Work task:
Each entry is to be repeated word for word, and the images are to be dropped.

Supplied data:
BEGIN

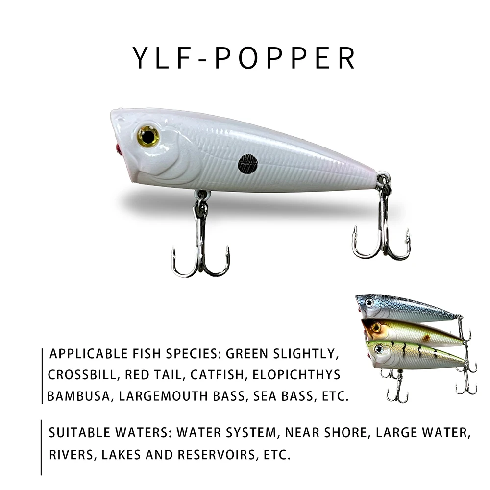 Topwater-Señuelos de Pesca Popper, cebo duro de 6cm y 5,8g, trucha, lubina, Wobblers artificiales, señuelo de plástico, aparejos de pesca con anzuelos, novedad
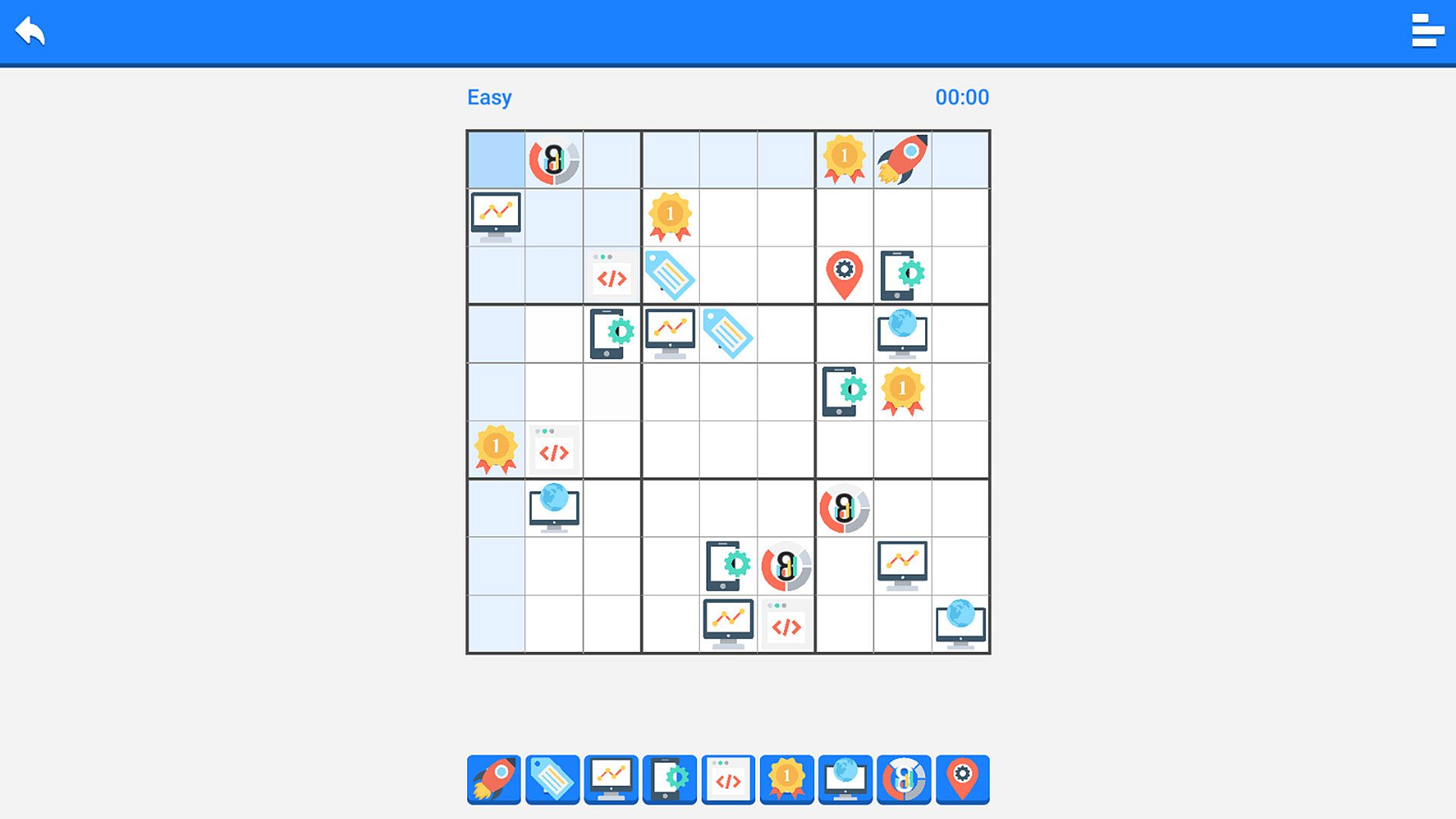 ■ Check each row, each column, and each block to see if there are any duplicate icons. Once all the cells are filled and the conditions are met, the challenge is successfully completed.
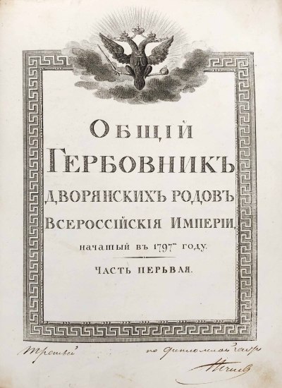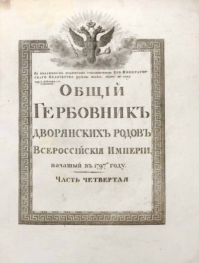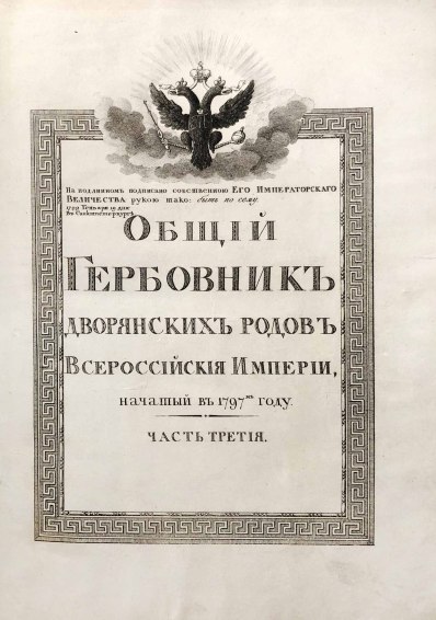 Общий гербовник дворянских родов Российской империи — официальный свод гербов дворянских семей, утвержденный императором Павлом I в 1797 году. Согласно указу, каждый дворянский род обязан был подать в Герольдию эскизы своего герба, описание и краткое родословие. Оформленные художником рисунки собирались в книги, содержащие примерно 150–180 гербов и делившиеся на три раздела: первая часть включала титулы и древнее дворянство, вторая — пожалованные императорским указом роды, третья — служилое дворянство.
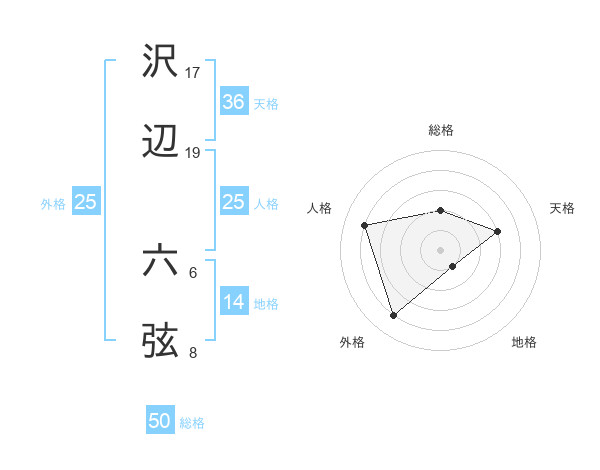 沢辺 六弦さんの総格は50画の2点!
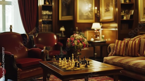 chess, chessboard, piece, game, living, room, interior, furniture, sofa, armchair, red, wood, table, lamp, flower, arrangement, home, comfort, elegant, classic, cosy, luxury, decor, brown, stripes, cushion, traditional, ornate, light, shadow, wall, painting, art, sharpened, strategic, competition, thinking, strategy, leisure, recreation, pastime, detail, perspective, composition, setting, ambience, rich, warm
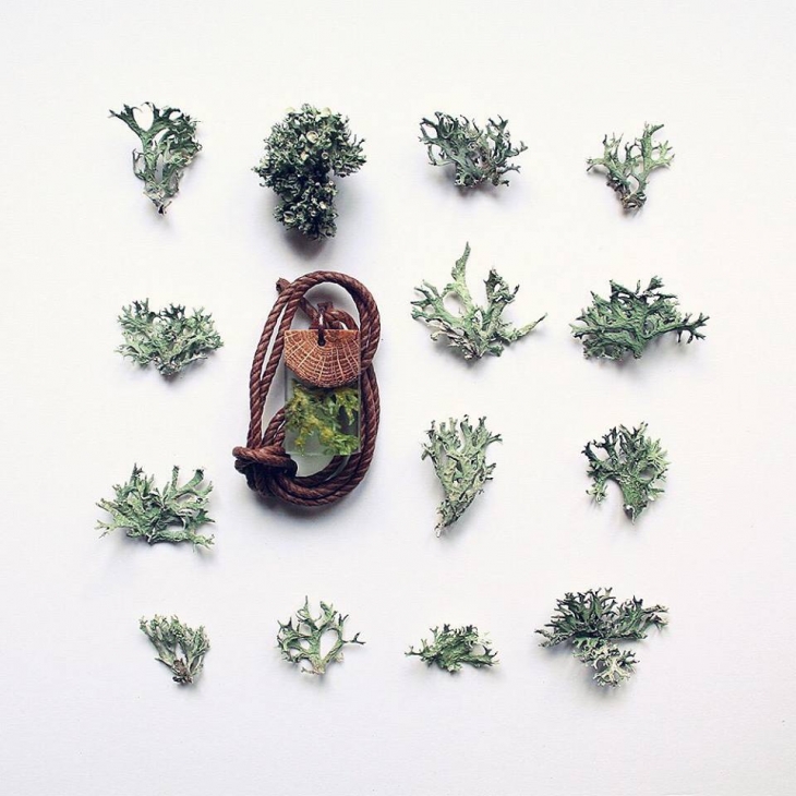 Vozmos’un ilk adımı Demirkutlu Kırklareli’nde bir köydeyken atılmış. Etrafını saran ağaç ve yosunlar Demirkutlu’nun en büyük ilhamı olmuş. Kolyelerde reçine, ağaç ve liken (kara yosunu) kullanan ekip, tasarımlarına Trakya Ormanlarına duydukları sevgiyi yansıtmışlar adeta.

END

Solved problem:
 Topwater-Señuelos de Pesca Popper, cebo duro de 6cm y 5,8g, trucha, lubina, Wobblers artificiales, señuelo de plástico, aparejos de pesca con anzuelos, novedad
 ■ Check each row, each column, and each block to see if there are any duplicate icons. Once all the cells are filled and the conditions are met, the challenge is successfully completed.
 Общий гербовник дворянских родов Российской империи — официальный свод гербов дворянских семей, утвержденный императором Павлом I в 1797 году. Согласно указу, каждый дворянский род обязан был подать в Герольдию эскизы своего герба, описание и краткое родословие. Оформленные художником рисунки собирались в книги, содержащие примерно 150–180 гербов и делившиеся на три раздела: первая часть включала титулы и древнее дворянство, вторая — пожалованные императорским указом роды, третья — служилое дворянство.
 沢辺 六弦さんの総格は50画の2点!
 chess, chessboard, piece, game, living, room, interior, furniture, sofa, armchair, red, wood, table, lamp, flower, arrangement, home, comfort, elegant, classic, cosy, luxury, decor, brown, stripes, cushion, traditional, ornate, light, shadow, wall, painting, art, sharpened, strategic, competition, thinking, strategy, leisure, recreation, pastime, detail, perspective, composition, setting, ambience, rich, warm
 Vozmos’un ilk adımı Demirkutlu Kırklareli’nde bir köydeyken atılmış. Etrafını saran ağaç ve yosunlar Demirkutlu’nun en büyük ilhamı olmuş. Kolyelerde reçine, ağaç ve liken (kara yosunu) kullanan ekip, tasarımlarına Trakya Ormanlarına duydukları sevgiyi yansıtmışlar adeta.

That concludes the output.